Outra prioridade é organizar uma plataforma que reúna decisões das cortes em temas ligados à democracia e aos direitos humanos. O documento prevê também o incentivo à criação ou ao intercâmbio de Centros de Estudos Constitucionais, com foco na pesquisa e na difusão de uma “cultura de constitucionalismo democrático”.
Combate ao crime no Mercosul
O Fórum também propõe medidas voltadas à segurança pública e ao enfrentamento de crimes de grande escala. Entre elas está a criação de uma plataforma para compartilhar boas práticas relacionadas ao combate à macrocriminalidade.
Além disso, as delegações sugerem a exploração de métodos de capacitação de juízes em temas vinculados à justiça climática.
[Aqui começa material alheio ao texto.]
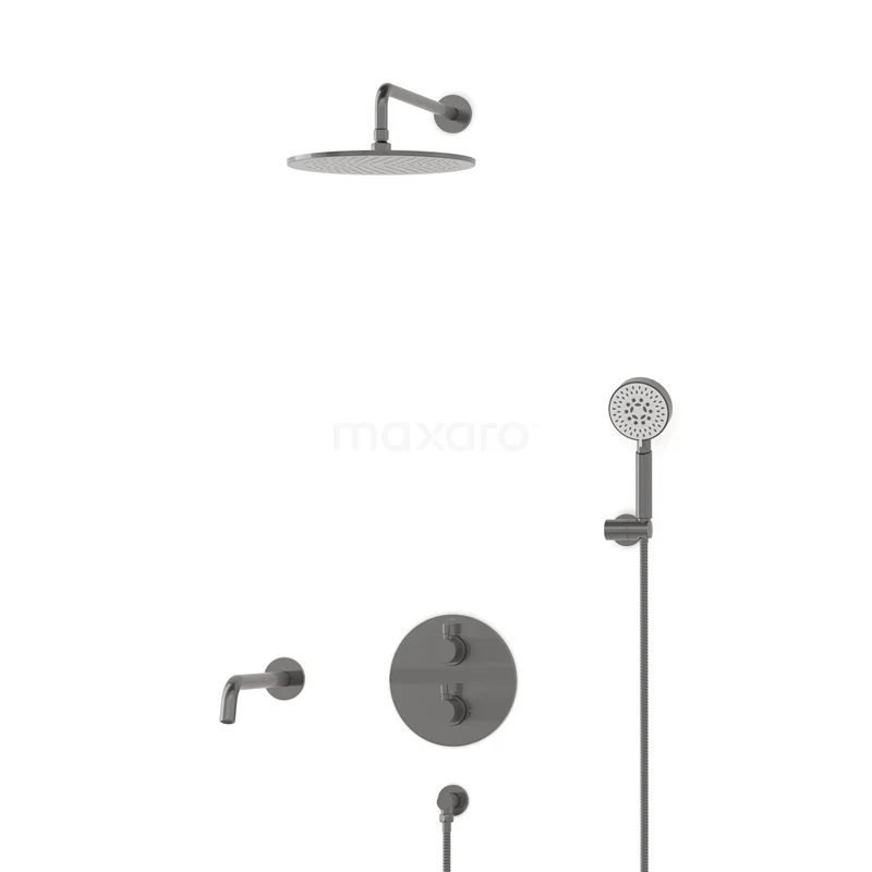 Radius Einbau Badewannenarmatur mit Regendusche | Schwarzes Metall Thermostatisch

Nesse ponto, o documento afirma que a adoção de princípios ambientais deve orientar decisões judiciais quando necessário.
Por fim, a declaração trata do uso de novas tecnologias, como a inteligência artificial, pelas cortes supremas e tribunais constitucionais. O objetivo, segundo o texto, é buscar “maior eficiência na prestação jurisdicional”. O documento não detalha modelos, ferramentas ou procedimentos, mas sugere que as instituições pretendem cooperar na exploração dessas soluções.
A Declaração do X Encontro se encerra com a reafirmação da intenção de aprofundar o diálogo regional entre as cortes, retomar iniciativas anteriores e estruturar novos mecanismos de cooperação no âmbito jurídico e institucional do Mercosul.